By typing `??<search term>` you will search **all** help files for the search term. R will return a list of matching articles to you in the help pane. This is considerably slower, since it's searching hundreds or thousands of text files. Try typing `??install` into your console to see how this works.
You will notice that there are two types of results in the help list for install. The help pages should be familiar. But what are "vignettes"? Try clicking on one to find out.
Vignettes are formatted, conversational walkthroughs that are increasingly common (and helpful!) for R packages. Rather than explaining a single function they usually explain some aspect of a package, and how to use it. And, even better for our purposes, they are written in R Markdown. Click the "source" link next to the vignette name in order to see how the author wrote it in R Markdown. This is a great way to learn new tricks.
While you can find vignettes as we just did, a better way is to use the function `browseVignettes()`. This opens a web browser window that lists **all** vignettes installed on your computer. You can then use `cmd`/`ctrl + F` to search using terms in the web browser and quickly find package names, function names, or topics you are looking for.
## Livecoding along
We've now covered the `Console` tab and the `Scripts` pane. These are both areas in which you can write and execute code, but they work a little differently. The `Console` is the place to run code that is short and easy to type, or that you're experimenting with. It will allow you to write a single line of code, and after you hit `return`, `R` will execute the command. This is great for "interactive programming", but it isn't so great for building up a complex workflow, or for following along with this workshop!

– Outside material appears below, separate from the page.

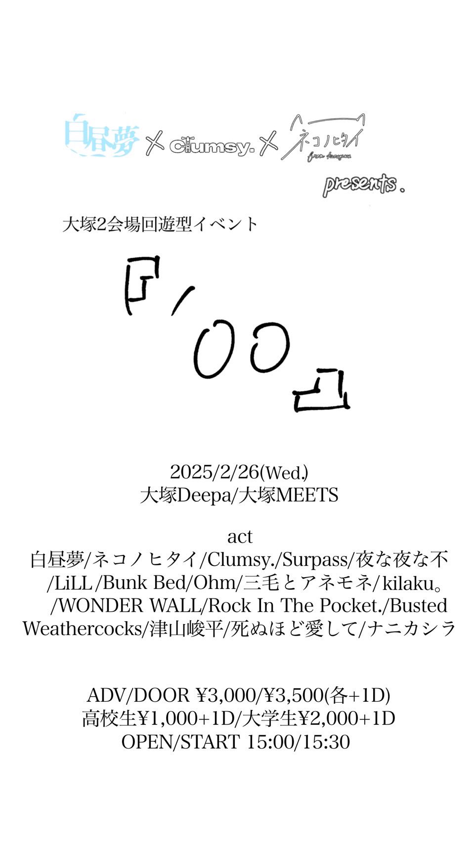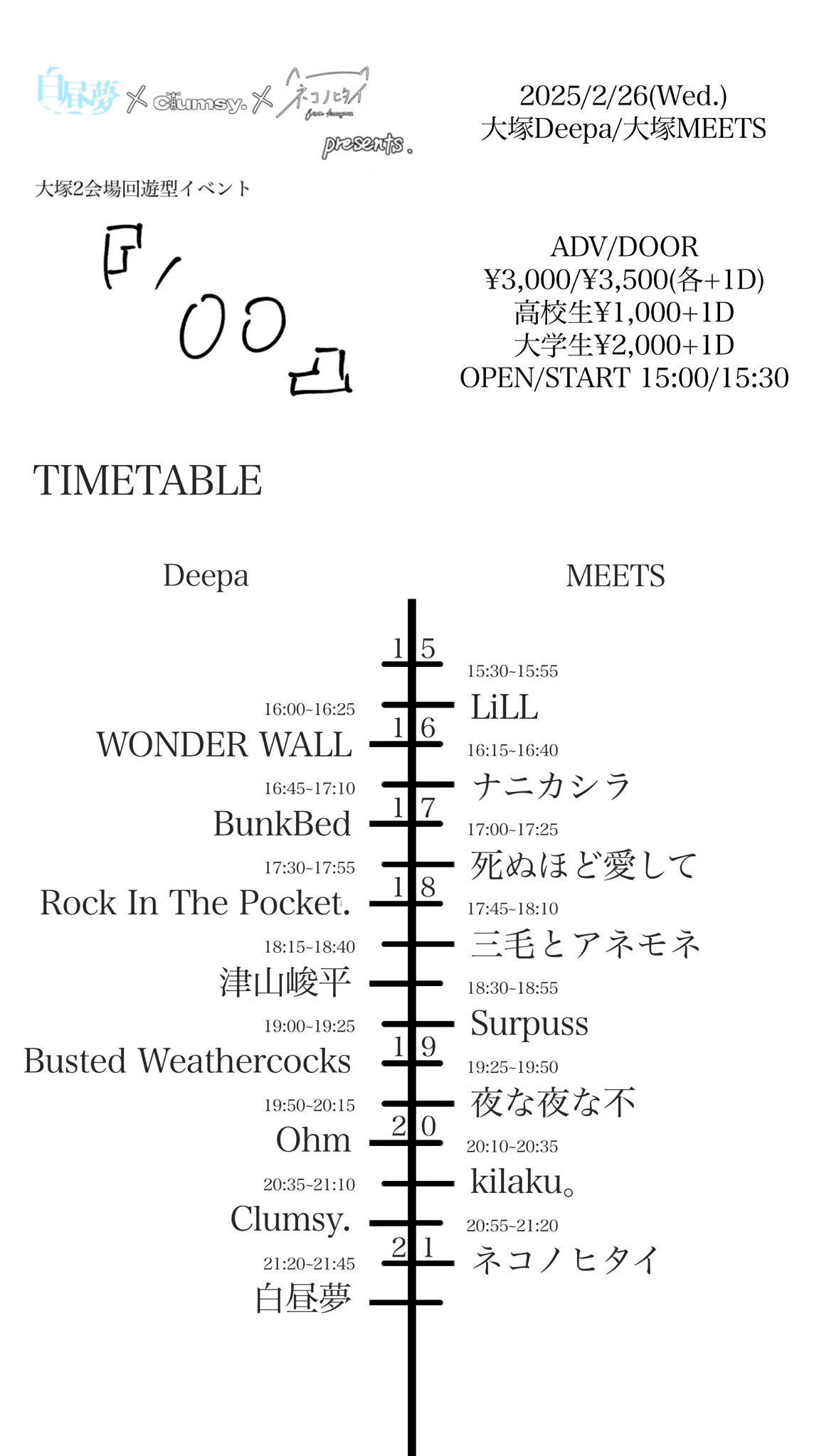 ADV¥3000(+Drink) / DOOR¥3500(+Drink) / 高校生¥1000(+Drink) / 大学生¥2000(+Drink)

This is why I have recommended that you create a new script to follow along with this workshop. Again, you get a new script by going to `File > New File > R Script`. You can write multiple lines of code and then execute each one in any order (although keeping a logical sequence from top to bottom will help you keep track of what you're doing). In an `R` script, everything is expected to be valid R code.
```{r example of a code block, eval = FALSE}
You can't write this in an R script because it is plain text. This will
cause an error.
# If you want to write text or notes to yourself, use the "#" symbol at the start of
# every line to "comment" out that line. You can also put "#" in the middle of
# a line in order to add a comment - everything after will be ignored.
1 + 1 # this is valid R syntax
print("hello world") # this is also valid R syntax
```
To run code from your `R` script, put your cursor on the line you want to run and either hit the run button with the green arrow at the top left or (my preferred method) type `cmd + return` (on Mac) or `ctrl + return` (on PC).